When faced with a system of linear equations such as:

• \(x + y + z = 0\)
• \(2x - y + 3z = 0\)
• \(x - z = 0\)

An excellent way to manage these equations is through the use of an augmented matrix. This is a compact and organized way to express the system by aligning all coefficients and constants. The augmented matrix combines the coefficients of variables and the constants in one graphical representation.
For example, the matrix for the equations above would be:\[\begin{bmatrix} 1 & 1 & 1 & | & 0 \ 2 & -1 & 3 & | & 0 \ 1 & 0 & -1 & | & 0 \end{bmatrix}\]Here, each row corresponds to an equation, and each column corresponds to the coefficients of a variable or the constants on the right-hand side.
Using an augmented matrix helps streamline solving processes like Gaussian elimination by capturing all necessary data in a concise form.

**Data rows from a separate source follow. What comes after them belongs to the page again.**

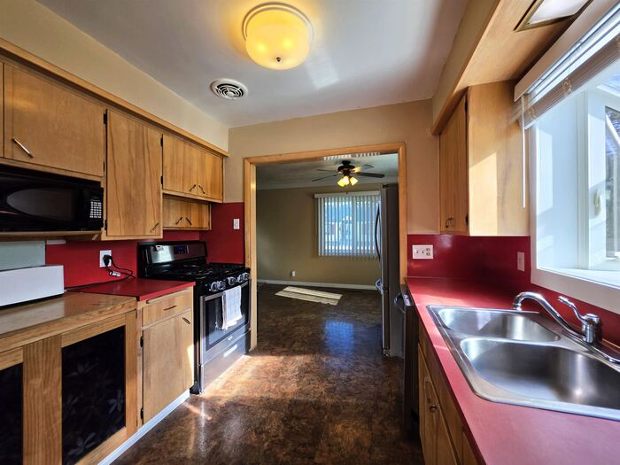 This home has everything on your list! Everyone gets their own space with four bedrooms, two bathrooms, a large bright living room, and a cozy family room in the basement! Yes, there's even room for your dining table! Need parking space too? The two car garage and large corner lot provide parking for every car and toy you own! With an efficient gas furnace and central A/C you'll pay less for year-round comfort. The easy clean vinyl windows along with the custom blinds were updated in 2023, and the exterior stucco was redone in 2024. Seller is also in the process of installing new kitchen counter tops. Basement family room could be used for a 5th bedroom with walk-in closet. Yard is fenced and has an automatic sprinkler system. Convenient - walkable location. HOME QUALIFIES FOR 0% DOWN RURAL DEVELOPMENT FINANCING! Call your favorite agent and schedule a tour today!
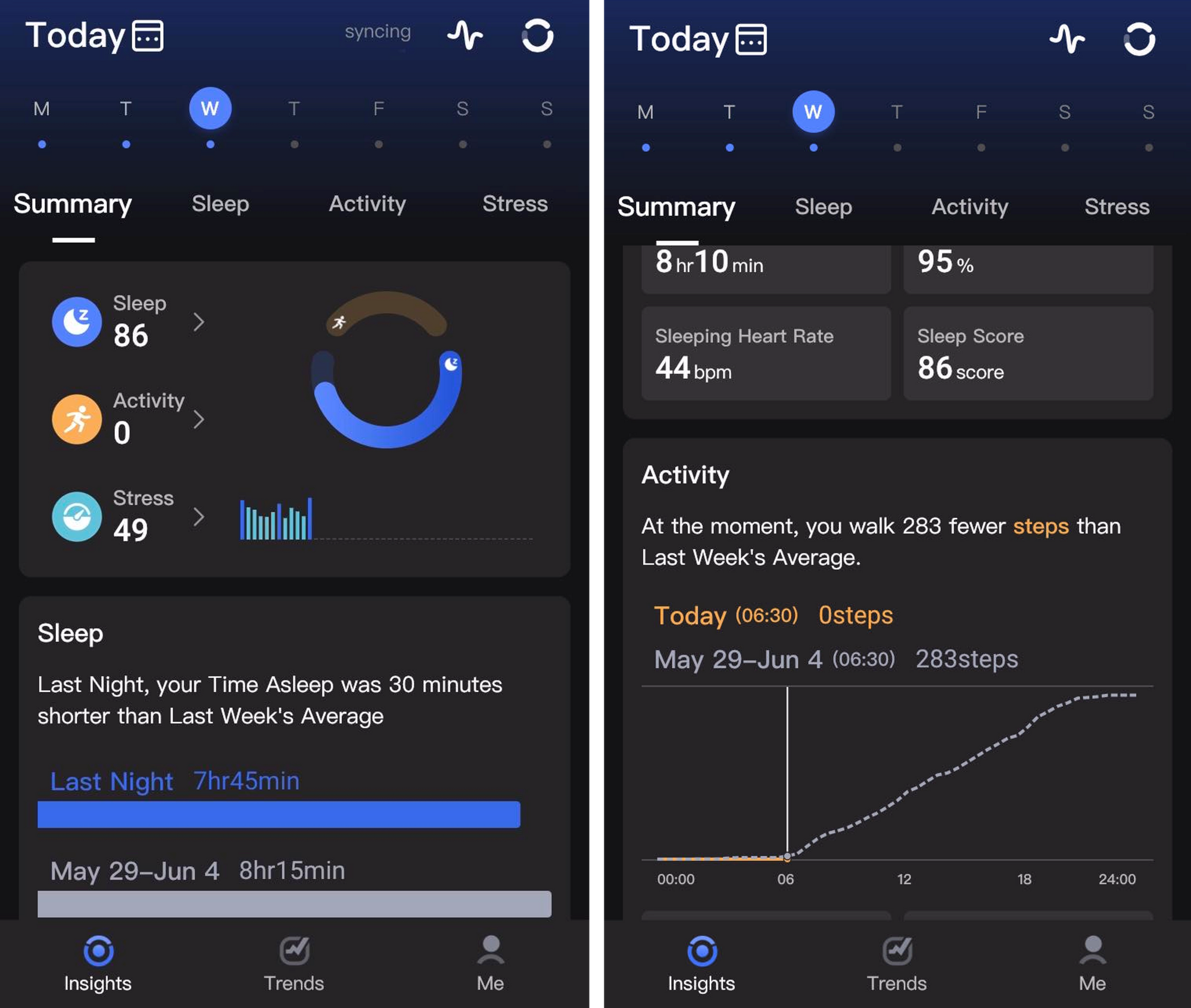 RingConn aktuálně nemá metriku podobnou Readiness/Recovery a musíte se tak spokojit pouze se skóre spánku z předchozího dne, což v mém případě bylo 86.
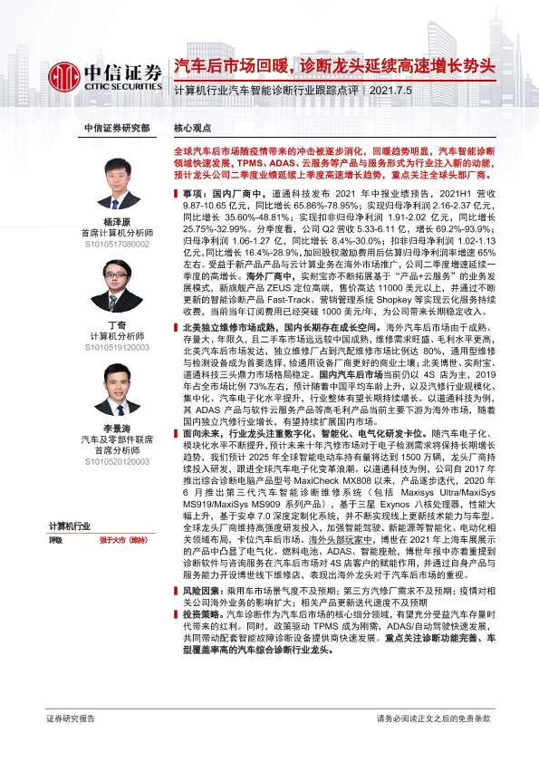 【中信证券】【20210705】计算机行业汽车智能诊断行业跟踪点评:汽车后市场回暖,诊断龙头延续高速增长势头-2页

Row operations are the key actions we apply to transform an augmented matrix during Gaussian elimination. These operations are elementary, yet powerful, allowing us to systematically simplify the matrix while preserving the solution set. There are three main types of row operations:

• Swapping two rows
• Multiplying a row by a nonzero constant
• Adding or subtracting a multiple of one row from another

For instance, during our exercise, we performed operations like subtracting multiples of one row from another to eliminate specific coefficients.
This helps isolate variables column by column and aims at zeroing below pivotal numbers.For example, by subtracting Row 1 from Row 3, we eliminate the coefficient of \(x\) in Row 3, making the transformation:\[\begin{bmatrix} 1 & 1 & 1 & | & 0 \ 2 & -1 & 3 & | & 0 \ 0 & -1 & -2 & | & 0 \end{bmatrix}\]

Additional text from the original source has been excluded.